À ce titre, depui 2018, le chauffeur LOTI peut, après une année d’exercice, solliciter une carte professionnelle VTC gratuitement sans passer d’examen.


Plusieurs options s’offrent alors à vous : 


  1. Créer sa propre entreprise de transport LOTI


Deux possibilités ici ; 


  • Soit vous obtenez votre propre capacité de transport, ce qui vous permet, en tant que chef d’entreprise, d’embaucher des chauffeurs qui n’auront pas besoin de disposer eux même d’une capacité de transport. En effet, un seule capacité est nécessaire par entreprise. 


  • Soit vous embaucher un salarié capacitaire, la seule obligation sera de mentionner sur sa fiche de poste son rôle de gestion du parc automobile et de management des chauffeurs. 


  1. Être salarié dans une entreprise de transport disposant de la capacité de transport LOTI. Vous n’aurez alors pas besoin d’en disposer d’une ni d’aucune autre qualification d’ailleurs excepté d’un permis B. 


Si en revanche, vous vous destinez à une activité régulière, il faudra vous orienter vers le statut de chauffeur VTC ou celui de taxi. 

 

Vous souhaitez être chauffeur VTC 

Le chauffeur VTC s’apparente au chauffeur LOTI car il ne peut pas marauder. En effet, il leur est interdit d’attendre sur la voie publique qu’un client les sollicite pour une course, la réservation en amont de la course est obligatoire. 
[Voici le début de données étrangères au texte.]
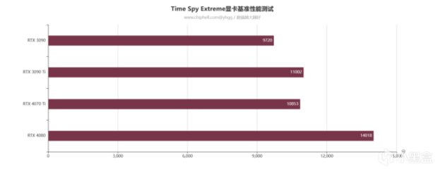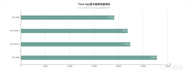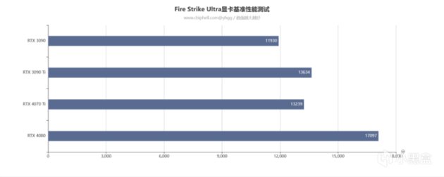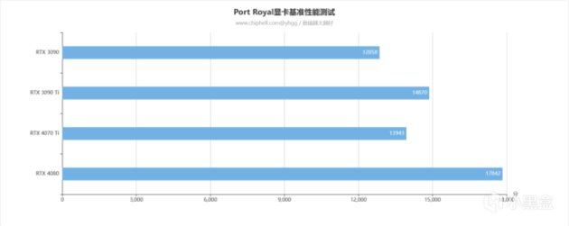 基准测试横向测试了四款显卡,除了影驰 GeForce RTX 4070Ti 12GB 星曜 OC 外,引入三款显卡,分别是 RTX 3090、RTX 3090Ti、RTX 4080。其中Port Royal是测试的显卡实时光线追踪的性能指数,Fire Strike Extreme测试显卡 2K 分辨率下 DX11 游戏性能,Fire Strike Ultra 测试显卡 4K 分辨率下 DX11 游戏性能,Time Spy 测试显卡2K 分辨率下 DX12 游戏性能,、Time Spy Extreme 测试显卡 4K 分辨率下游戏性能。以下做了几个柱形图作为直观参考,所有数值均采用显卡单向得分。可以看到 RTX 4070Ti 虽然在 4K 分辨率下和拥有24GB显存高带宽的 RTX 3090Ti 略有差距,在 2K 分辨率下整体是要好于 RTX 3090 Ti 的性能表现的。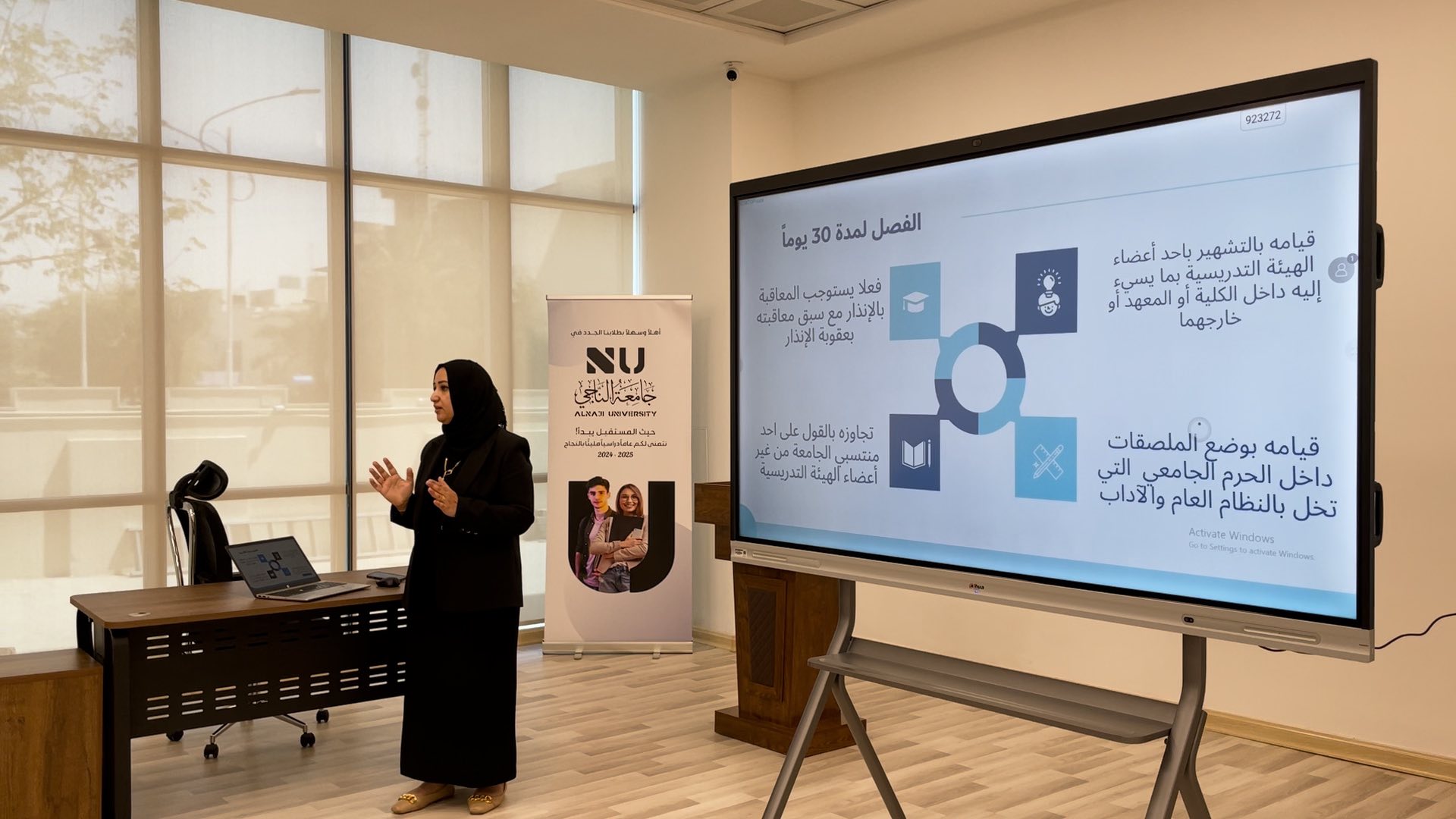 تطرقت الندوة إلى شرح مفصل حول التعليمات والقوانين المتعلقة بانضباط الطلبة، بالإضافة إلى العقوبات المترتبة على المخالفات السلوكية والأكاديمية، مؤكدة أهمية التزام الطلبة بهذه التعليمات لتفادي الوقوع في المخالفات القانونية.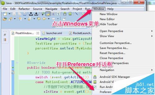 1、首先,是設置背景色的方式,打開Eclipse以后,依次點擊 Windows -> Preference。打開界面配置對話框。操作如圖所示

En revanche, le VTC se distingue des LOTI car il peut pratiquer son activité de transport de personne manière régulière. 


✍    BON À SAVOIR
Le statut de VTC offre la possibilité de vous inscrire sur diverses plateformes : Uber, Heetch ou encore Taxify. Chacune vous communiquera ses règles propres. 


En plus des 5 étapes expliquez plus haut, vous devez, pour créer votre entreprise de transport VTC remplir les conditions suivantes : 


Conditions relatives au chauffeur VTC

En tant que chauffeur VTC vous devez : 


  • Détenir un permis B en cours de validité depuis 3 ans
  • Fournir une attestation d’aptitude physique à la conduite délivrée par un médecin agréé (liste disponible auprès de la préfecture de votre département); pour cela il vous faudra remplir le formulaire Cerfa 14880-02. 
  • Avoir un casier judiciaire vierge s’agissant du bulletin n°2; 
  • Obtenir l’examen de la Chambre des Métiers et de l’Artisanat (CMA)  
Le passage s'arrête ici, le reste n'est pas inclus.